Beginning in a smoke-filled office, we see leading heroine Jo March (Saoirse Ronan, Brooklyn), an aspiring writer, as she meets with an editor to get her story published. Despite enjoying the story, the editor is baffled over the lack of marriage at the end for Jo’s heroine, who begrudgingly agrees to marry her off if she is to become a published writer. Running through the streets of New York, Jo returns to her boarding house where she is a teacher to young children and bonds with Professor Bhaer (Louis Garrel, The Dreamers). After criticising her work, a distraught Jo returns to her family home in Massachusetts where her beloved younger sister Beth (Eliza Scanlan, Sharp Objects) is growing sicker from scarlet fever.
Meryl Streep steals every scene she is in with her dark humour and attitude to marriage.

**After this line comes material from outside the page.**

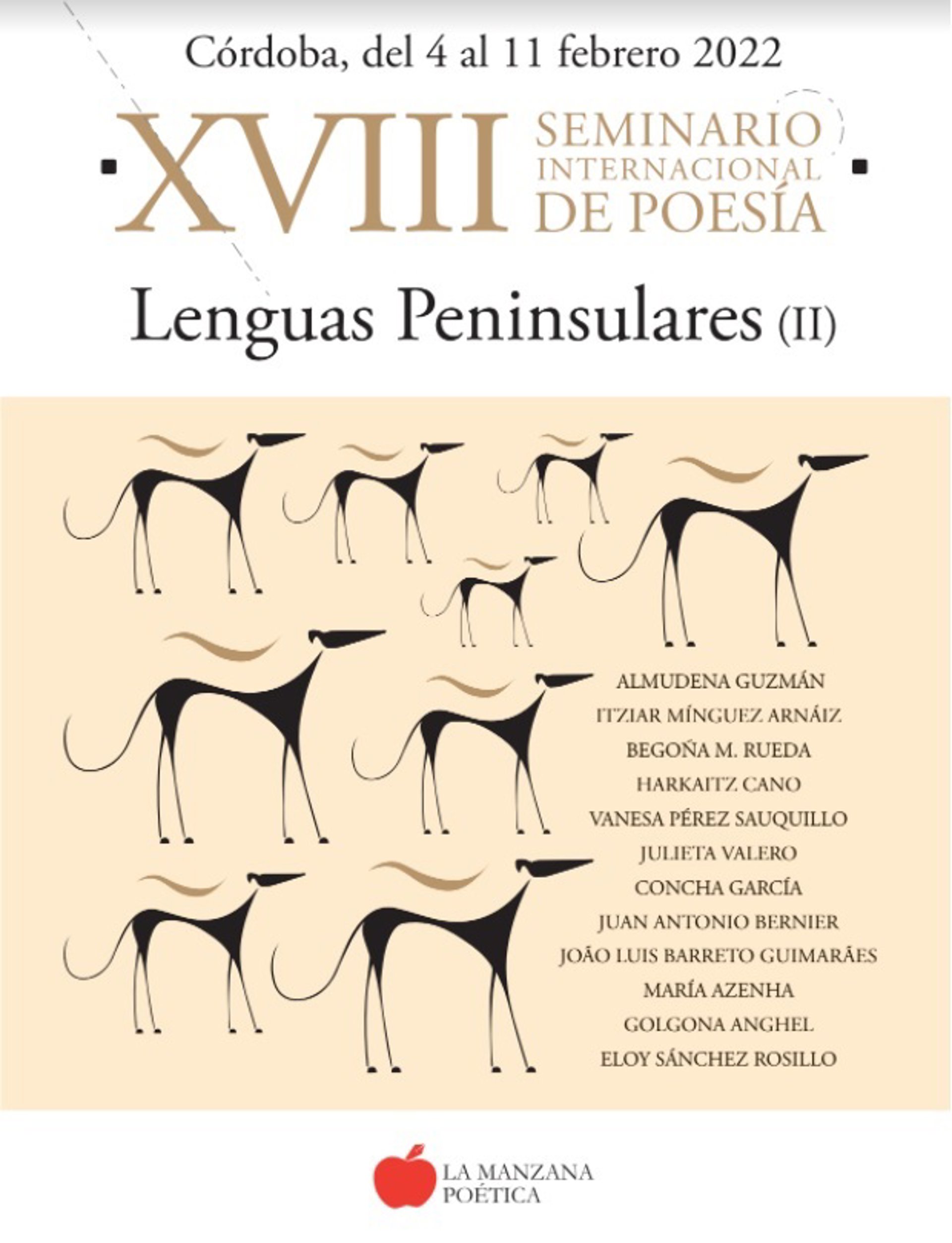 La capital cordobesa celebra del 4 al 11 de febrero el XVIII Seminario Internacional de Poesía que la asociación cultural La Manzana Poética organiza y celebra desde 1999, con el patrocinio del Ministerio de Cultura, y en los últimos años con el subtítulo de 'Lenguas peninsulares', que "acoge la riqueza de las distintas lenguas cooficiales de España que son y reúnen un patrimonio poético y cultural junto a la lengua portuguesa".
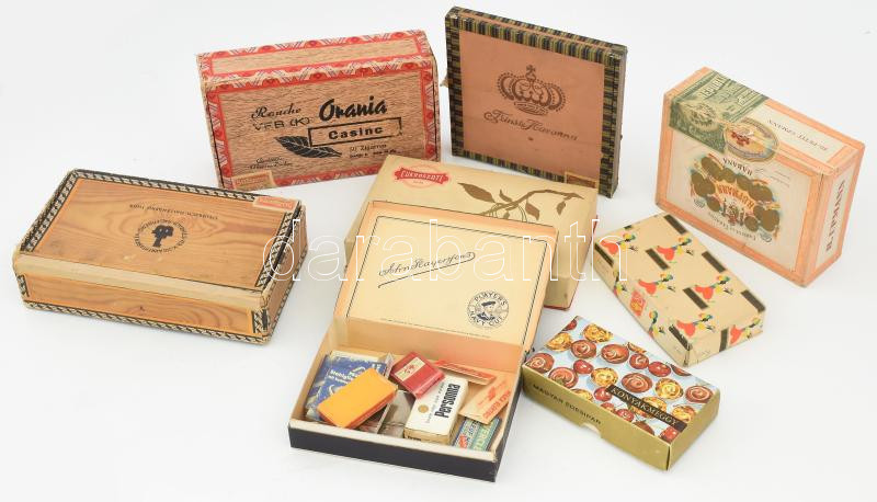 8 darab retro reklámos doboz, klf méretben, karton, fa, közte szivaros dobozokkal

Cutting seven years earlier to 1861, we see all four sisters as Jo and Meg (Emma Watson, Harry Potter) get ready for a party, showing Jo’s clumsy and tomboyish nature as she accidentally burns off a strand of Meg’s hair trying to curl it. Meeting their lonely neighbour Laurie (Timothée Chalamet, Call me by your Name), he is soon welcomed by the March family, filling the hole that their father (Bob Odenkirk, Breaking Bad) left behind by joining the war in the south. Meg soon connects with Laurie’s poor tutor John Brooke (James Norton, Happy Valley), much to Jo’s dismay.
Weaving between the past and the present, we see the trials of the March sisters as they find love or, in Jo’s case, go through turmoil as she is conflicted between her ambition to be a writer and societal pressure to marry. The relationship between Jo and the equally ambitious Amy (Florence Pugh, Fighting with my Family) is a particularly complex one, as their strong personalities clash their conflict must be diffused by wise matriarch Marmee (Laura Dern, Jurassic Park). Also making a brief appearance is Aunt March (Meryl Streep, Sophie’s Choice), who steals every scene she is in with her dark humour and attitude to marriage.
After their 2017 collaboration on Gerwig’s directorial debut Lady Bird, Ronan proves to be Gerwig’s muse as she captures the audience’s attention through her moving portrayal of a young woman struggling to succumb to social expectations and growing up. Adding memorable quotes not present in Alcott’s novel, Gerwig’s faithful adaptation proves the story of the March sisters is timeless.